TASK GOAL » Wherever a picture appears, leave it out, and transcribe the rest of the records exactly.

☆ ☆ ☆ ☆ ☆

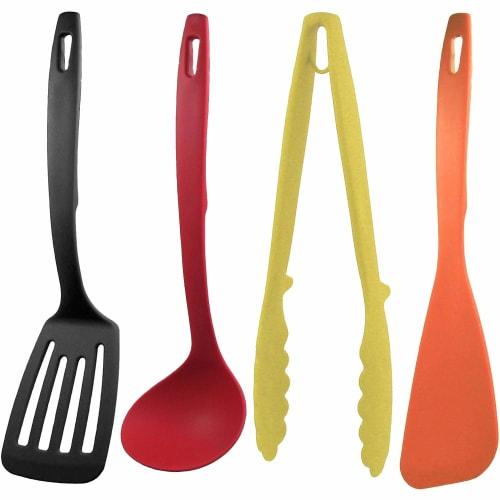 Nagao Tsubame-Sanjo Kitchen Utensil Set (4 Pieces): Spatula, Ladle, Tongs, and Spatula, Multicolor, Made in Japan
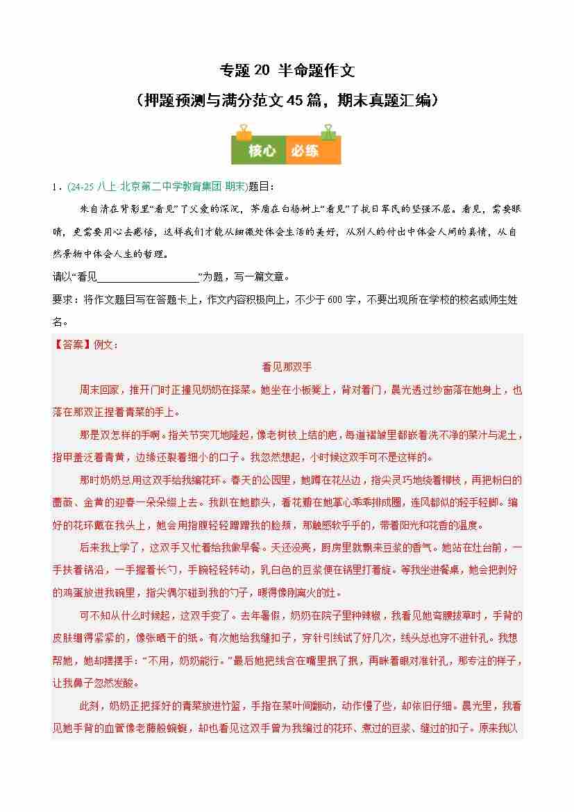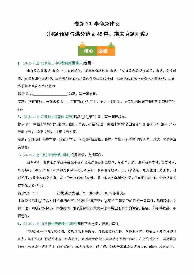 专题20 半命题作文(押题预测与满分范文45篇,期末真题汇编)八年级语文上学期新教材统编版(解析版)
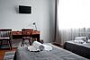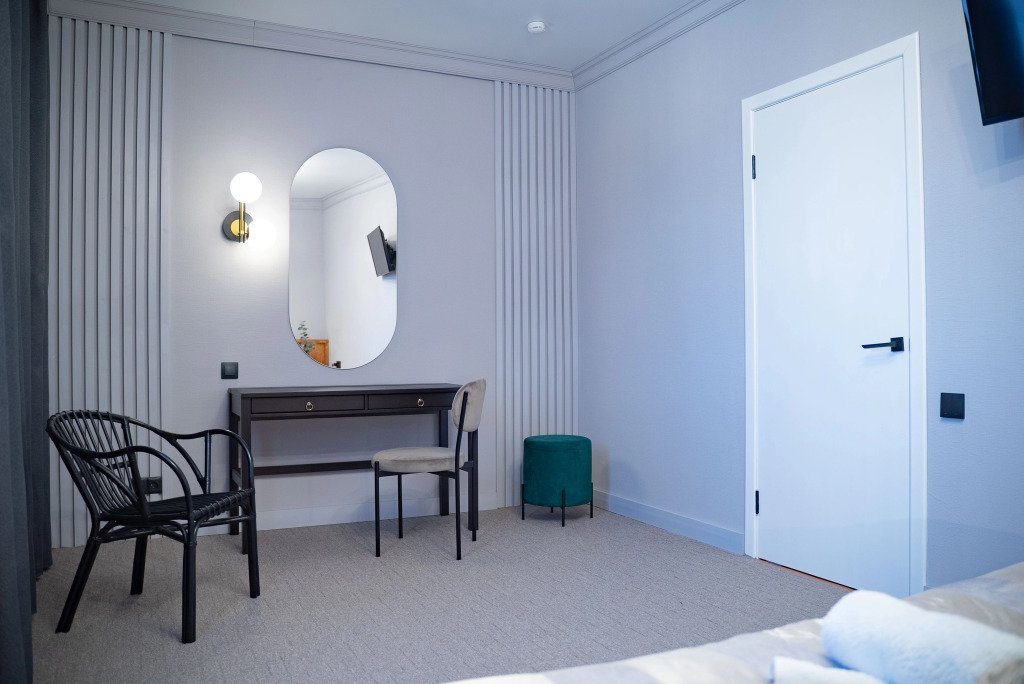 В каждом номере есть кровать, прикроватная тумбочка, светильник, кондиционер, смарт-ТВ с подпиской на стриминговый сервис холодильник, чайник, фен, раковина, душевая кабина и унитаз. Гостям предоставляются отельные тапочки, шампунь, гель, шапочки и бутилированная вода.
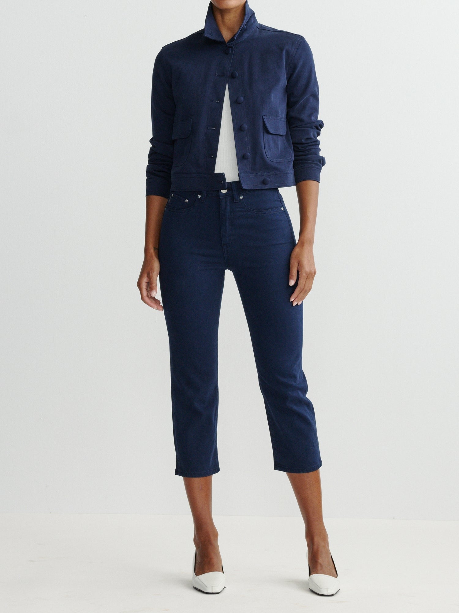 Bright Navy is a vivid, deep blue twill. It features self covered shanks, tonal stitching and a clean hem.
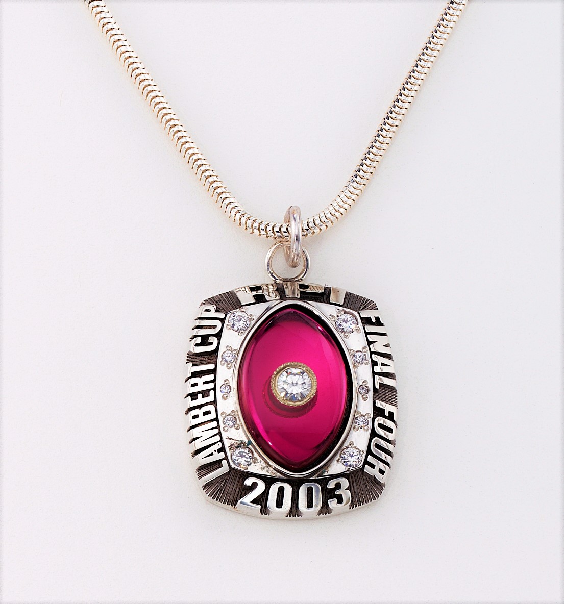 Mirroring the top of the championship ring bezel, this beautiful necklace pendant honors RPI football players for making the final four.
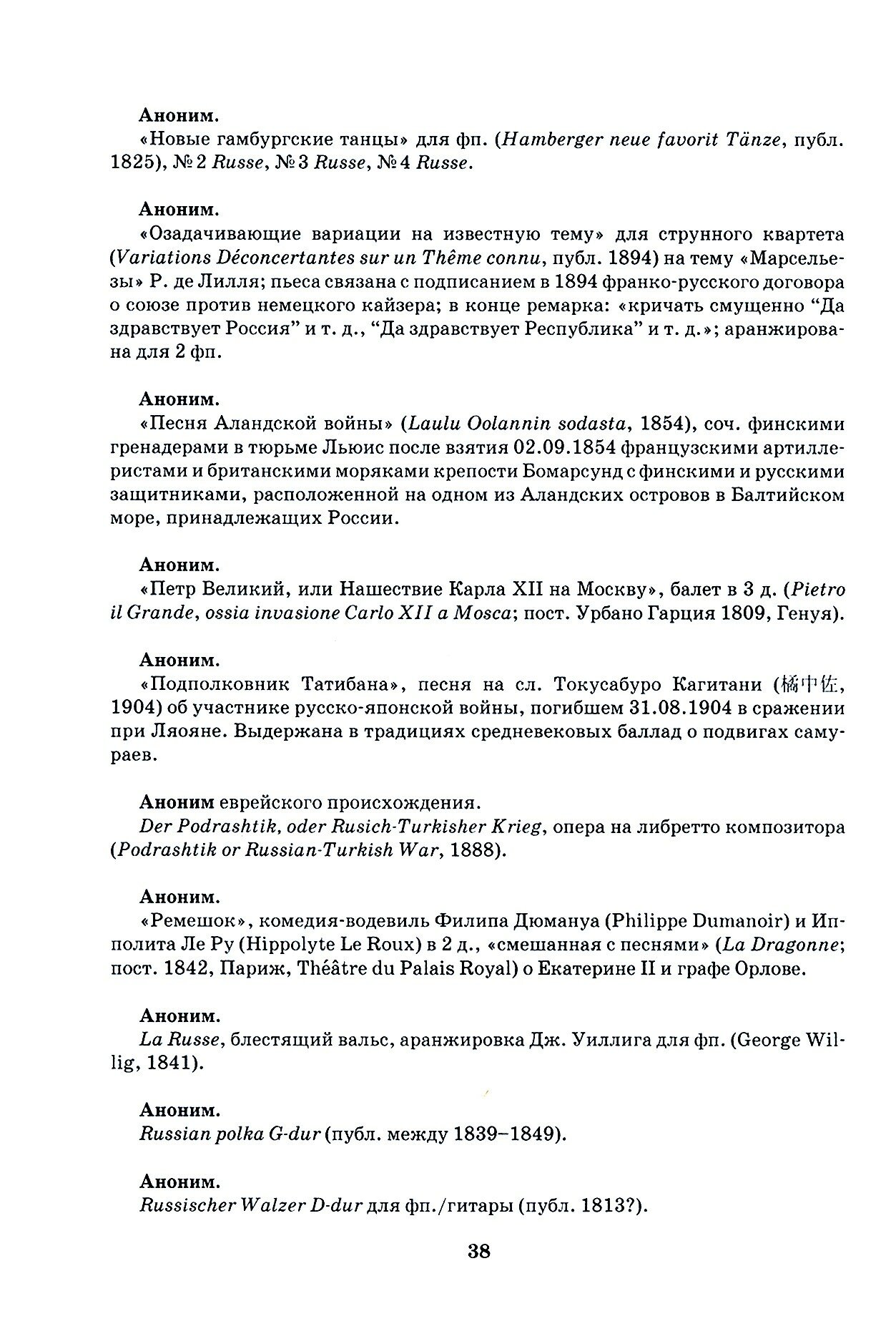 Научное справочное издание представляет собою первый опыт обобщения информации о зарубежной («нероссийской») музыке, посвященной России. Книга содержит словарные статьи о более чем 4 600 композиторов и их «русских» опусах. «Русская тема» как отображение русского начала в художественном произведении проявляет себя и в сугубо музыкальной специфике в виде цитирования, аранжировки и стилизации русского фольклора или произведений русских композиторов, использования русских народных инструментов. Она ставится и шире – как манифестация наиболее общих, коренных глубинных аспектов национальной идентичности, таких как культура (язык, литература и искусство, бытовые традиции), история (события и вехи становления Российского государства, крупные исторические персоналии), территориальное расположение и природная среда обитания, религиозные верования, особенности общественного бытия и психологии россиянина, складывающаяся в его сознании картина мира.
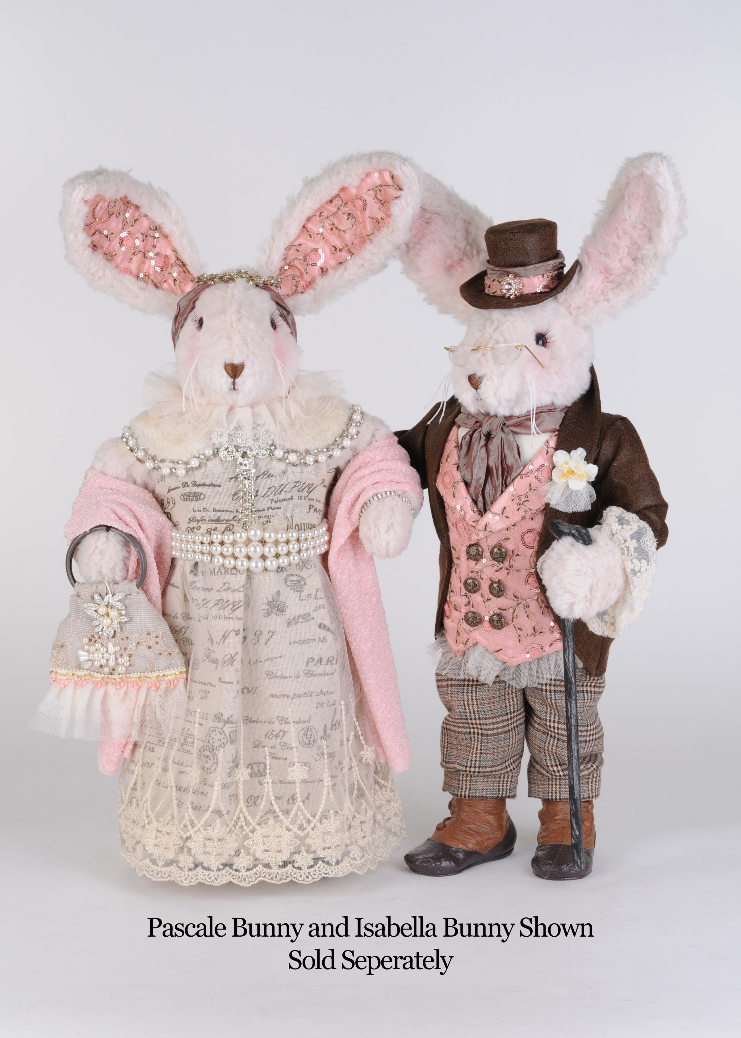 Blush pink accents—including a cozy shawl, softly blushed ears lined with shimmering fabric, and a coordinating headpiece—bring warmth and femininity to the design. In her paw, she carries an ornate handbag adorned with lace, pearls, and floral embellishments, completing the ensemble with couture-like detail. Plush textures and subtle facial features give this bunny a serene, elegant presence.
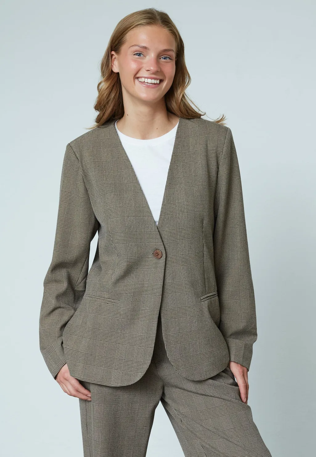 Ternet blazer fra Sisters Point i brune og beige nuancer. Blazeren har et tydeligt ternet mønster og en enkelt knaplukning foran.
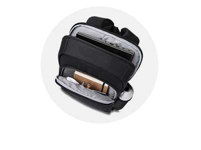 Oferă un compartiment intern căptușit pentru laptopuri de până la 16”, spațiu pentru dosare și accesorii, un compartiment frontal cu fermoar pentru acces rapid la periferice și două buzunare laterale pentru sticle de apă sau o umbrelă.
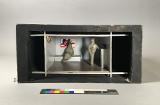 - skåpets sidor och tak är sammanfogade med tejp samt på grundplattan, allt av kartong, scenbildens dekor av kartong är ihoplimmad och vilar på stativ av tunna träskivor, figurerna av modell-lera, liten batteridriven belysning inkopplad.

☆ ☆ ☆ ☆ ☆

RESULT »
 Nagao Tsubame-Sanjo Kitchen Utensil Set (4 Pieces): Spatula, Ladle, Tongs, and Spatula, Multicolor, Made in Japan
 专题20 半命题作文(押题预测与满分范文45篇,期末真题汇编)八年级语文上学期新教材统编版(解析版)
 В каждом номере есть кровать, прикроватная тумбочка, светильник, кондиционер, смарт-ТВ с подпиской на стриминговый сервис холодильник, чайник, фен, раковина, душевая кабина и унитаз. Гостям предоставляются отельные тапочки, шампунь, гель, шапочки и бутилированная вода.
 Bright Navy is a vivid, deep blue twill. It features self covered shanks, tonal stitching and a clean hem.
 Mirroring the top of the championship ring bezel, this beautiful necklace pendant honors RPI football players for making the final four.
 Научное справочное издание представляет собою первый опыт обобщения информации о зарубежной («нероссийской») музыке, посвященной России. Книга содержит словарные статьи о более чем 4 600 композиторов и их «русских» опусах. «Русская тема» как отображение русского начала в художественном произведении проявляет себя и в сугубо музыкальной специфике в виде цитирования, аранжировки и стилизации русского фольклора или произведений русских композиторов, использования русских народных инструментов. Она ставится и шире – как манифестация наиболее общих, коренных глубинных аспектов национальной идентичности, таких как культура (язык, литература и искусство, бытовые традиции), история (события и вехи становления Российского государства, крупные исторические персоналии), территориальное расположение и природная среда обитания, религиозные верования, особенности общественного бытия и психологии россиянина, складывающаяся в его сознании картина мира.
 Blush pink accents—including a cozy shawl, softly blushed ears lined with shimmering fabric, and a coordinating headpiece—bring warmth and femininity to the design. In her paw, she carries an ornate handbag adorned with lace, pearls, and floral embellishments, completing the ensemble with couture-like detail. Plush textures and subtle facial features give this bunny a serene, elegant presence.
 Ternet blazer fra Sisters Point i brune og beige nuancer. Blazeren har et tydeligt ternet mønster og en enkelt knaplukning foran.
 Oferă un compartiment intern căptușit pentru laptopuri de până la 16”, spațiu pentru dosare și accesorii, un compartiment frontal cu fermoar pentru acces rapid la periferice și două buzunare laterale pentru sticle de apă sau o umbrelă.
 - skåpets sidor och tak är sammanfogade med tejp samt på grundplattan, allt av kartong, scenbildens dekor av kartong är ihoplimmad och vilar på stativ av tunna träskivor, figurerna av modell-lera, liten batteridriven belysning inkopplad.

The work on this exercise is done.